His words play over and over in my mind as I lie among the broken fragments of Yggdrasil's shattered second Aquarium.
He and his companions had left some time ago, heading to the apex of the World Tree's inner dimension, on my own insistence. Malice Ructor, agent of the traitorious Magus Hector, is already ahead of them and ready to destroy the final line of defense of Ursula's realm. He would have stayed at my side, had I not convinced him otherwise. He allows his emotions to interfere with his judgement far too often--that was what led him to side with Ursula and her Sprites in the first place.
And yet...
This pain...
The gouge that draws a diagonal line from my left shoulder to my right hip is burning. It throbs along with my pulse as more and more of my blood leaks away, staining the blue crystal around me. I'm beginning to feel dizzy and lightheaded from lack of oxygen. I told Ein that I would not die here, but I'm starting to lose confidence in my own words. Malice's aim was true--though none of my vital organs were damaged, the lower muscles of my right wing have been severed. Unless I can see a skilled healer quickly, the injury may not recover properly, and I will never fly again... at the very least...
And I was only injured because I failed in my duty, the one and only law of the Grim Angels: To carry out the true will of the gods...
Yes... though it may be unthinkable, I, Ledah Rozwelli, have failed...
When I became a Grim Angel, I was made as much of a weapon in the gods' hands as Lorelei is in my own. The loss of my emotions meant that I would take any and all orders without question, meting out judgement as the Magi saw fit. Destroying demons, destroying those who opposed the gods... that was all I was allowed to concern myself with, not questions of right or wrong. I even lost sight of what drove me to become a Grim Angel in the first place...
The outbreak of demons in Heaven's Gate so many years ago was what convinced the Magi that action needed to be taken, with Hector arguing the cause of the Retribution all the way. It was, in fact, the true reason why Ein even came to be--a child created purely of the Magi's power, destined to become a Grim Angel in ways that no one could fight. It was his purpose, his reason for being... what caused him to be shunned and avoided by the other angels of Asgard, which, in turn, was why I befriended him myself at all.
But one Grim Angel was not enough, and so Asgard's strongest were tested anyway...
In my foolishness, I had volunteered with the others...

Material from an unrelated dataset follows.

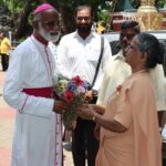 After the Eucharistic celebration, there was a concise program in which the Archbishop, Vicar general, and parish priest of Sacred Heart Basilica Rev. Fr. Pitchaimuthu, and the special guests, were honored with a centenary memento. The Parish priest and a senior parishioner who had known us from our arrival in Pondicherry shared their views about our presence in Sacred Heart Basilica. The celebration came to an end with the sharing of a festive meal.

But why? It's becoming hard to remember, the sensations I had received during the years I did not have to carry this emptiness, this constant ache in my breast. Why had I become such a finely crafted tool, used just as easily in the hands of evil as the hands of good...?
---
"Minna-sama, the next sample is here... 1482, you may enter."
Slowly, I walked into the room, willing my shoulders to stop shaking. I'd had next to no contact with the Magi over the course of my life, and right here before me were two of them, the divine proxies of the gods entrusted with the protection of this plane as well as all of Midgard.
The soldier just a few feet behind me softly but meaningfully knocked the butt of his spear against the floor. I got it. Hoping my apprehension wouldn't show, I walked more quickly, until I was standing just a wingspan away from the pair of them. I considered kneeling, but discarded the notion. I was here to become a Grim Angel, their servant in the truest form of the word. Hopefully, that would be enough display of devotion.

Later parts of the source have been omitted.